→ What you should do
Given the entries below, would you transcribe exactly the lines starting at the one with "4Q23 GDP revised" and ending at the one with "- Luxurious Design: Showcases", both kept, pictures omitted, nothing extra?

→ Task input
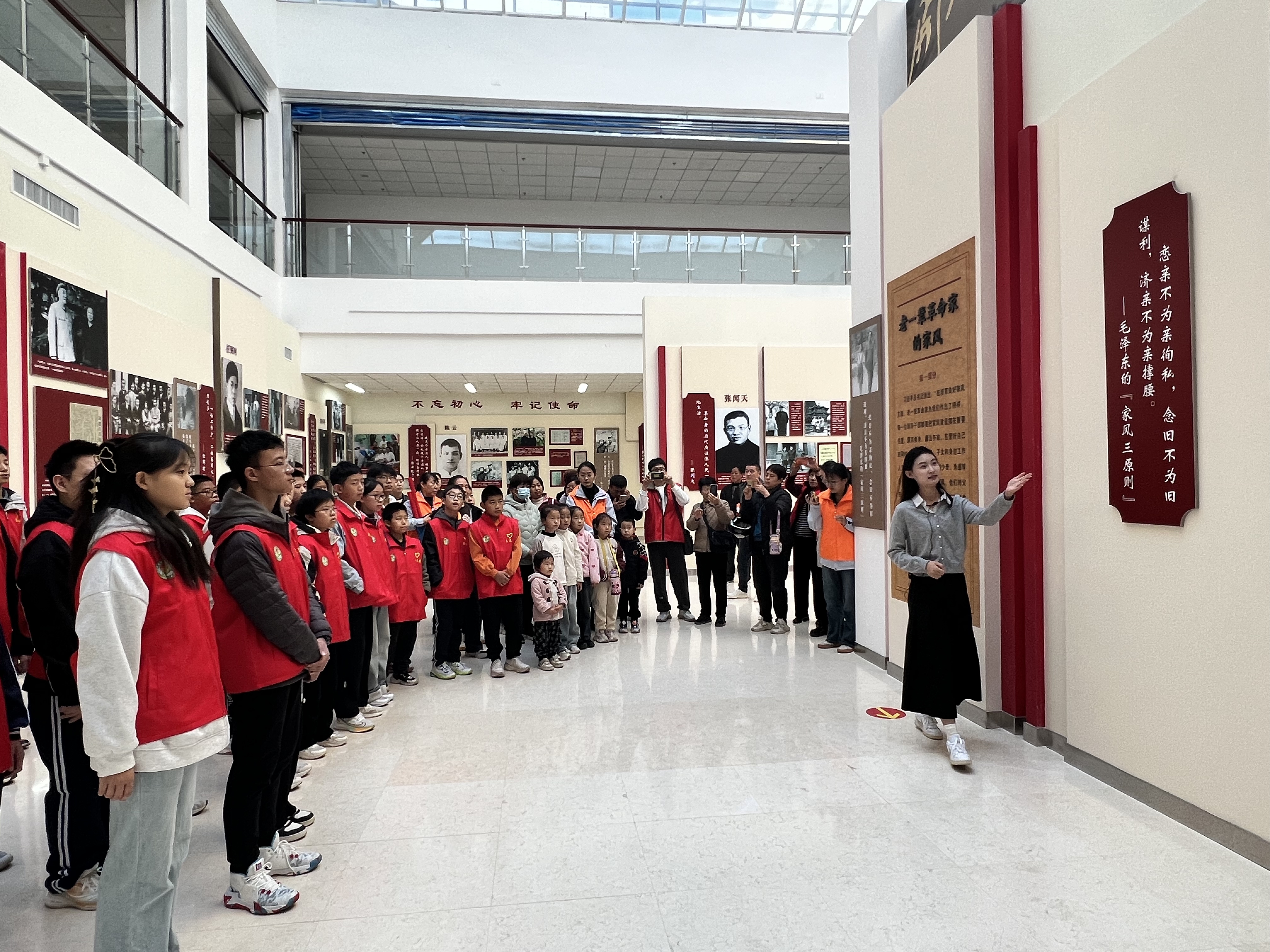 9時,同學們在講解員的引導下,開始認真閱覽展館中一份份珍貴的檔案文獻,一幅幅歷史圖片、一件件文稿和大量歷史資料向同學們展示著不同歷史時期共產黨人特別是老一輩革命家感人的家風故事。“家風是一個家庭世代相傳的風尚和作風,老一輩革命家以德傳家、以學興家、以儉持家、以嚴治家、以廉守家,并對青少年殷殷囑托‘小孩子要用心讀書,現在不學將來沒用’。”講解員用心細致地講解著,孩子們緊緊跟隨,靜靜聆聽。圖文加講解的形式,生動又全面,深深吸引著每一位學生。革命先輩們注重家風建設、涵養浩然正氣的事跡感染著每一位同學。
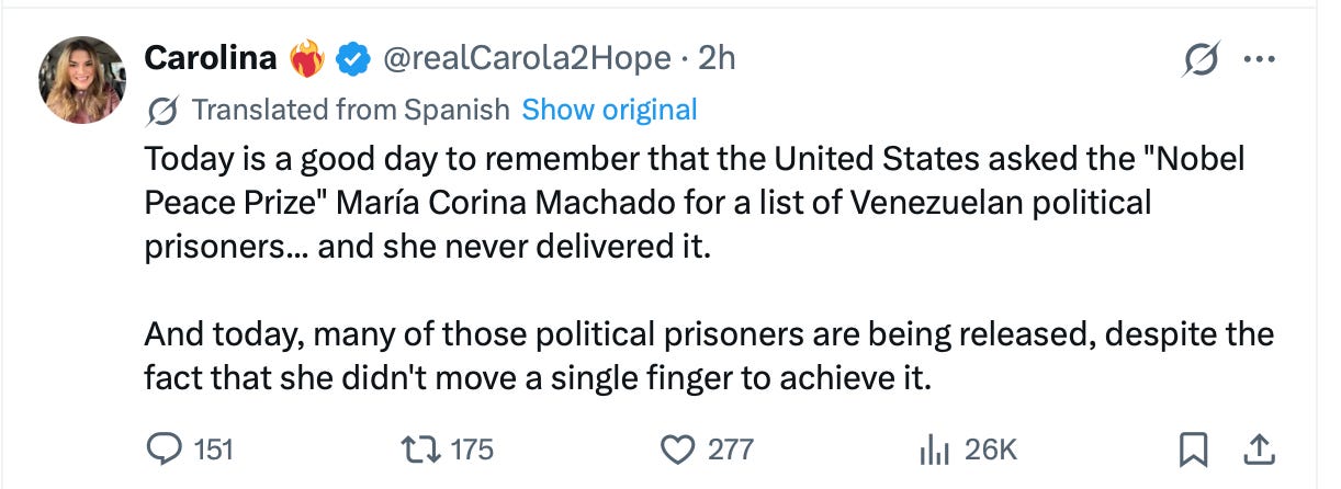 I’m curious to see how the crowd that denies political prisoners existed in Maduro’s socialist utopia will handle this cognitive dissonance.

...

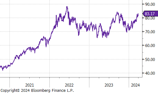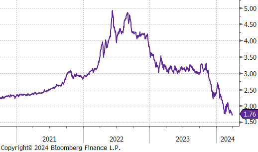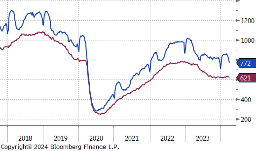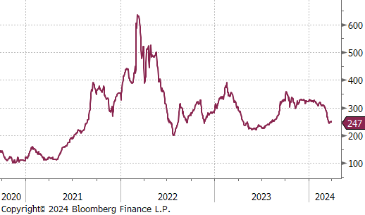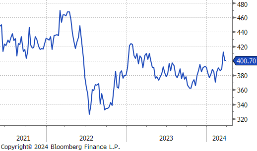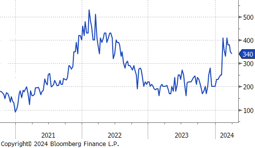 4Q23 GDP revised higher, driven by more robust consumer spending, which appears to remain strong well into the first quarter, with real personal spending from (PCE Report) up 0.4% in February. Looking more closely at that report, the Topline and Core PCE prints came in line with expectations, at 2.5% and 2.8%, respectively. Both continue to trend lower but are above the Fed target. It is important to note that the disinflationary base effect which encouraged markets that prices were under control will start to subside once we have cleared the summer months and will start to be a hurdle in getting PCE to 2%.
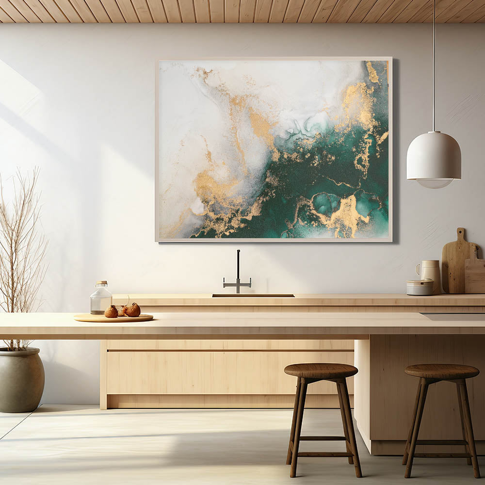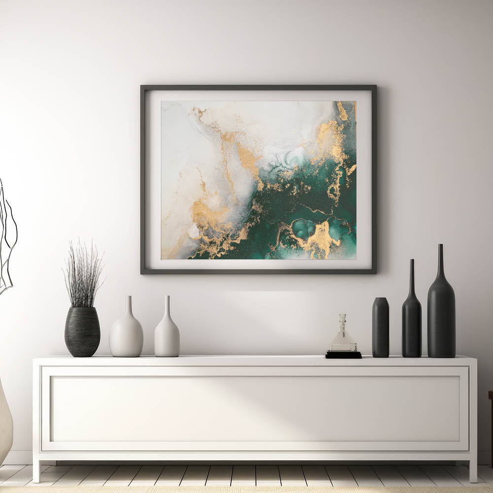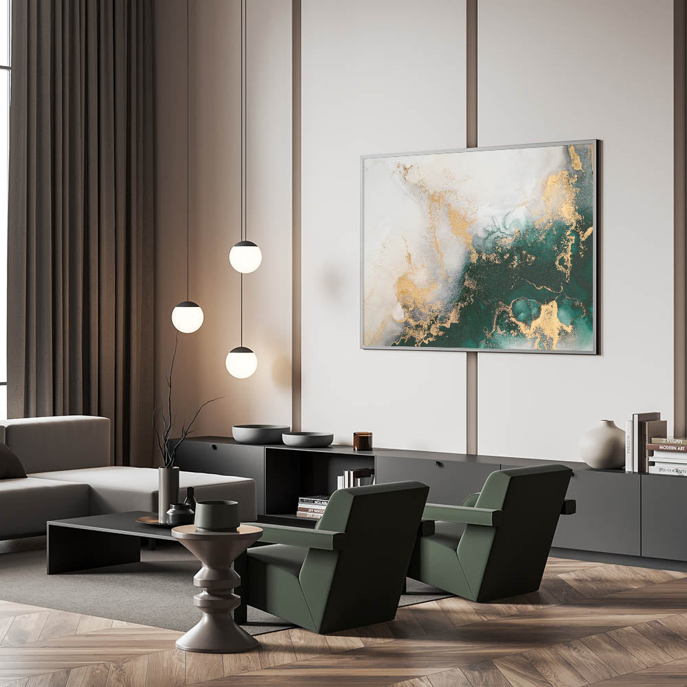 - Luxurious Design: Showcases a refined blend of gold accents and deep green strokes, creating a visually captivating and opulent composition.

...

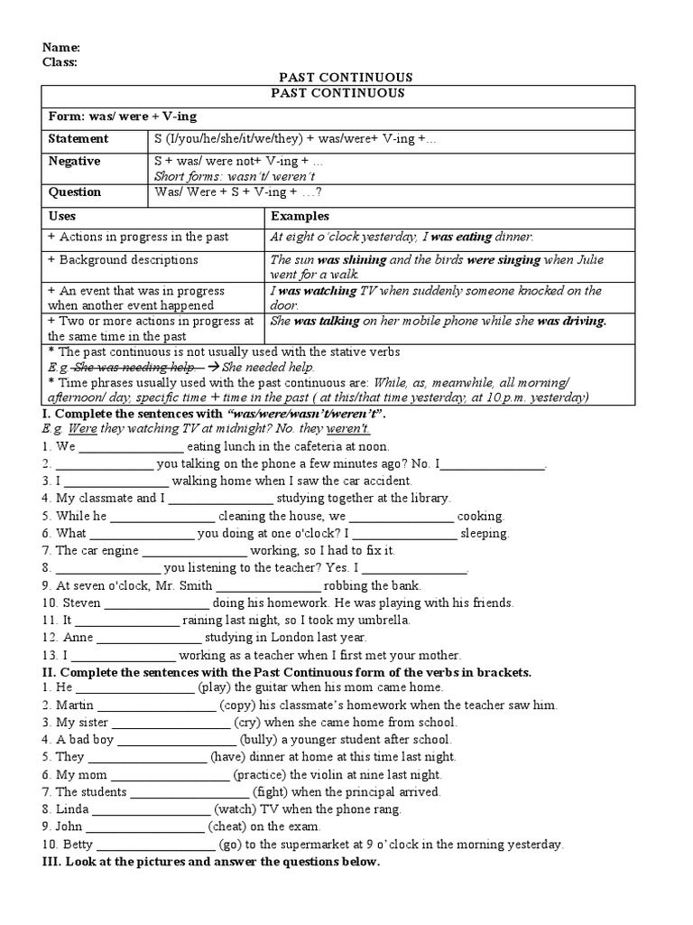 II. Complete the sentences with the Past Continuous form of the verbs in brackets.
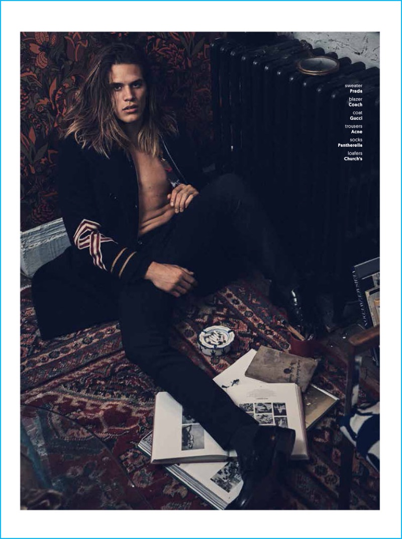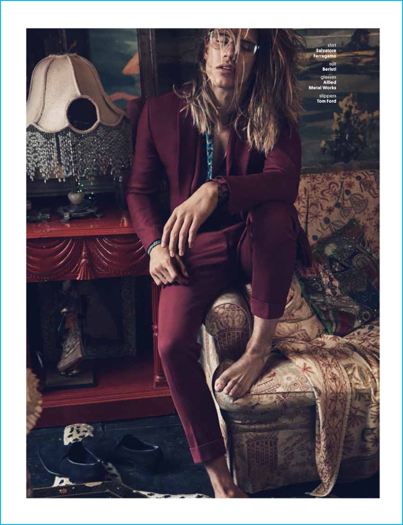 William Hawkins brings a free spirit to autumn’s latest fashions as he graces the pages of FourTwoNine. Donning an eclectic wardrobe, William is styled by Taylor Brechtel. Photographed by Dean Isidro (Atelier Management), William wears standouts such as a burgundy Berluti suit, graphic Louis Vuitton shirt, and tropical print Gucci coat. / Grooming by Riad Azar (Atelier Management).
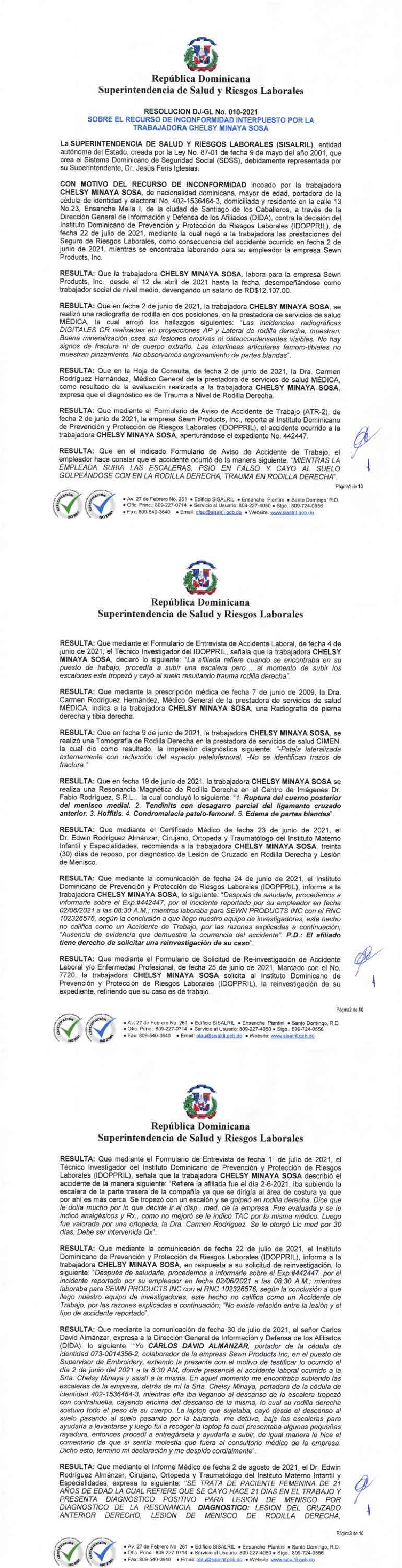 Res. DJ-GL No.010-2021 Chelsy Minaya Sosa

→ Solution to this task
 4Q23 GDP revised higher, driven by more robust consumer spending, which appears to remain strong well into the first quarter, with real personal spending from (PCE Report) up 0.4% in February. Looking more closely at that report, the Topline and Core PCE prints came in line with expectations, at 2.5% and 2.8%, respectively. Both continue to trend lower but are above the Fed target. It is important to note that the disinflationary base effect which encouraged markets that prices were under control will start to subside once we have cleared the summer months and will start to be a hurdle in getting PCE to 2%.
 - Luxurious Design: Showcases a refined blend of gold accents and deep green strokes, creating a visually captivating and opulent composition.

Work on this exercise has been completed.